Брейер чувствовал, как растет напряжение. Вопросы Ницше ввинчивались в него; он не был защищен от них. Он едва мог дышать. Грудь, казалось, вот вот разорвется. Он остановился и сделал три глубоких вдоха, прежде чем отвечать.

«Эти вопросы — вы знаете на них ответы! Нет, я не выбирал! Нет, я не жил так, как я хотел! Я жил назначенной мне жизнью. Я — истинный я — был закован в эту жизнь».

«А это, Йозеф, я уверен, и есть первопричина вашего Angst. Прекордиальное давление мучает вас потому, что грудь вашу разрывает эта не прожитая вами жизнь. И сердце ваше отстукивает время. А скупость времени неизбывна. Время берет, берет — и никогда ничего не отдает обратно. Как ужасно слышать, что вы прожили назначенную вам жизнь! И как ужасно встречаться со смертью, никогда не высказав даже претензии на свободу при всех с этим связанных опасностях!»

Ницше взобрался на свою кафедру, голос проповедника звенел. Брейера окутала волна разочарования; он знал, что это ему не поможет.

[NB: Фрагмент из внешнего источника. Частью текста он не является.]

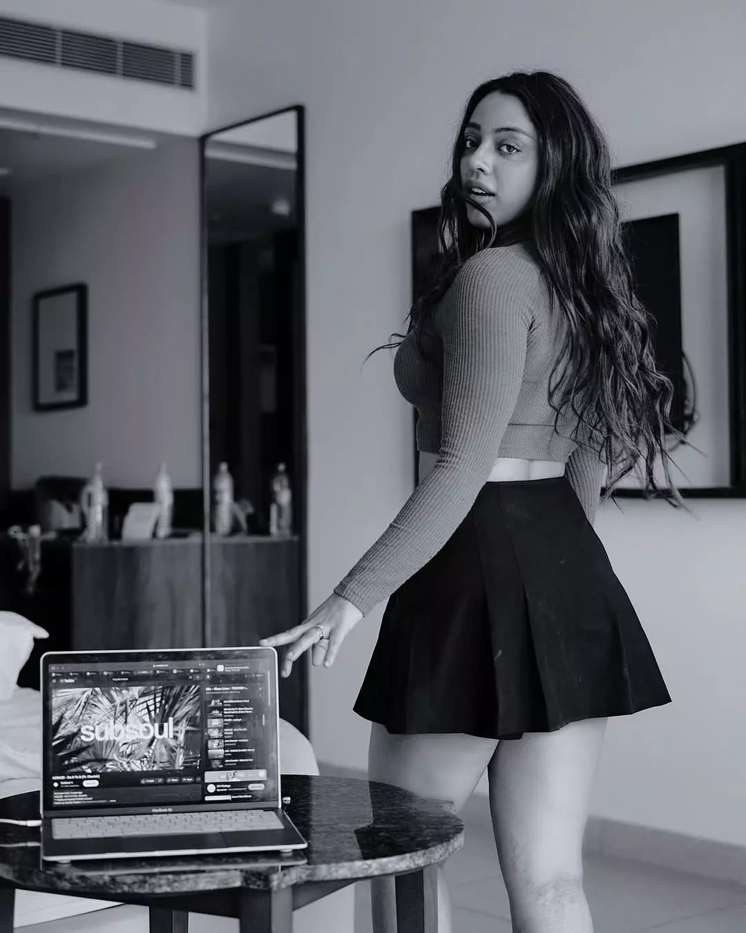 The shoot beautifully emphasizes Deviyani's versatile beauty, as she confidently poses amid the striking hues, giving off a serene yet powerful vibe. With every frame, she manages to strike the perfect balance between grace and strength, truly capturing the essence of her caption.

«Фридрих, — сказал он, — это все высокопарные фразы. Я восхищаюсь ими. Они трогают мою душу. Но они далеки, безнадежно далеки от моей жизни. Что такое претензия на свободу в моей повседневной жизни? Как я могу обрести свободу? Я не вы — одинокий молодой человек, отказавшийся от душащей его университетской карьеры. Мне уже поздно этим заниматься! У меня семья, подчиненные, пациенты, студенты. Уже слишком поздно! Мы можем проговорить всю жизнь, но я не могу изменить свою жизнь — она слишком плотно переплелась с нитями других жизней».

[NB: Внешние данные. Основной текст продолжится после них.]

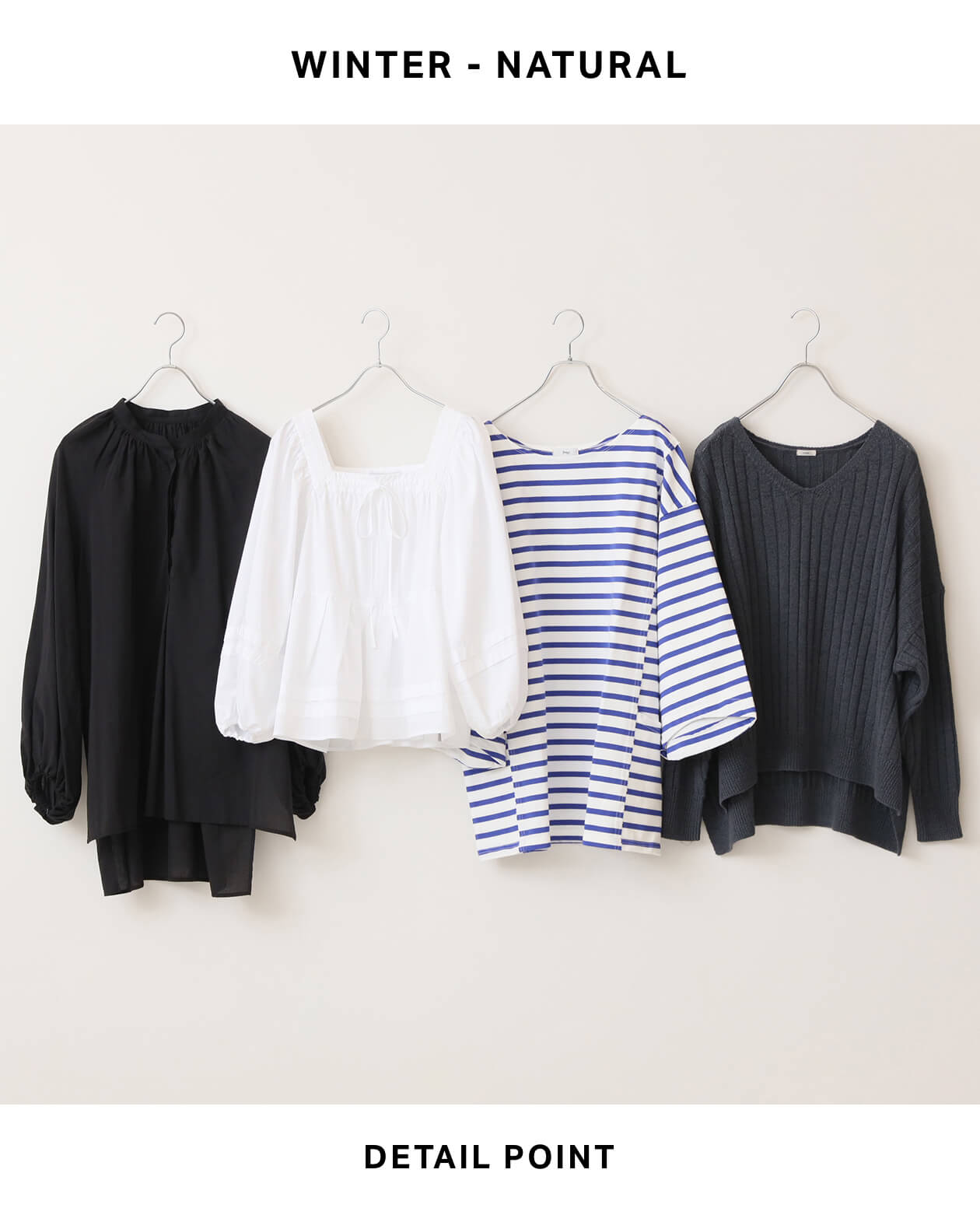 ルーズなシルエットの方が、より女性らしさが引き立つナチュラルタイプ。ゆったりとしたギャザーのブラウスや、ざっくりニットが好相性です。柄ものならカジュアルなロゴやボーダーなどがおすすめ。春の定番、バスクシャツは鮮やかで着映えるロイヤルブルーのボーダーにアップデートを。 - JOURNAL STANDARD L'ESSAGE60ローンギャザーブラウス◆¥17,600(税込)

Повисла долгая пауза, которую нарушил усталый голос Брейера: «Но я не могу спать, а сейчас я не могу терпеть боль этого давления в моей груди».

Ледяной ветер трепал его пальто, он дрожал и заматывал потуже шарф на шее.

Ницше, что редко случалось, взял его под руку. «Друг мой, — прошептал он, — я не могу сказать вам, как нужно жить по другому, потому что даже если я сделаю это, вы все равно будете жить по своему. Но, Йозеф, я все таки могу кое что сделать для вас. Я могу подарить вам подарок, сильнейшую мою идею, мысль из мыслей. Возможно, она вам будет уже чем то знакома, так как я вкратце отметил ее в «Человеческое, слишком человеческое». Эта мысль станет ведущей силой моей следующей книги, может, всех моих следующих книг». — Его голос стал ниже, приобретая формальный торжественный тон, который словно бы объявлял кульминацию всего, происходившего ранее. Мужчины шли рука об руку. Брейер в ожидании слов Ницше смотрел прямо перед собой.

«Йозеф, попытайтесь прояснить свой разум. Представьте себе такой мысленный эксперимент! Что, если какой нибудь демон скажет вам, что жизнь, которую вы ведете сейчас и вели раньше, вам придется пережить еще раз, и еще бесчисленное количество раз. И в ней не будет ничего нового, только каждая боль и каждая радость, все невыразимо малое и великое, что было в вашей жизни, вернется к вам в той же последовательности и преемственности — даже этот ветер, и эти деревья, и эта скользкая глина, даже кладбище и страх, даже этот момент нежности, когда мы с вами, рука об руку, бормочем эти слова? — Брейер не сказал ни слова, и Ницше продолжал: — Представьте себе бесконечные песочные часы существования, которые переворачиваются снова, снова и снова. И каждый раз мы с вами тоже оказываемся вверх ногами, простые пешки, вот мы кто».

Брейер даже не пытался его понять: «Как эта… Эта… Эта фантазия…»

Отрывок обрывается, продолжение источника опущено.